According to McKinsey & Co, the online revolution is expected to boost productivity, creating 46 million new jobs in China by 2025, many of them higher-skilled. The losers will be as many as 31 million traditional roles.
While such creative destruction is a global phenomenon, its speed and scale in China is unparalleled, believes Cao Lei, director of Hangzhou-based China E-commerce Research Centre, a private research agency. “The Internet helps improve productivity and efficiency, but it can be quite painful for traditional businesses. Bookstores fail first followed by clothing chains, consumer electronics stores and air-ticket booking offices. And in the future, bank branches and other traditional services facilities may fail as well,” Lei adds.
The shift online could contribute up to 22% of the nation’s productivity growth by 2025, accounting for 7-to-22% of the total increase in GDP from 2013-25, indicates McKinsey.

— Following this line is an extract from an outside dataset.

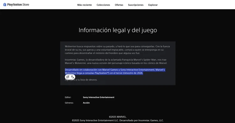 La mention de la date de sortie de Marvel’s Wolverine a été retirée du PlayStation Store, indiquant désormais qu’il arrivera sur PS5 à l’automne 2026. On se demande si cela était une erreur de PlayStation Mexique ou une fuite d’information, bien qu’une sortie en septembre paraisse plausible.

By 2025 that could translate into as much as $2.2 trillion in China’s annual GDP.
Clashes between the old and new economies are set to intensify, forecasts Ouyang Rihui, deputy dean at the Academy of Internet Economy, a research agency within the Central University of Finance and Economics in Beijing, adding that the loss of retailers is just the beginning of the effect of technology on jobs. “The real challenge for China will be at the front-end of production — imagine a day when most manufacturing is automated. At the end of the day, the new economy will win,” Rihui concludes.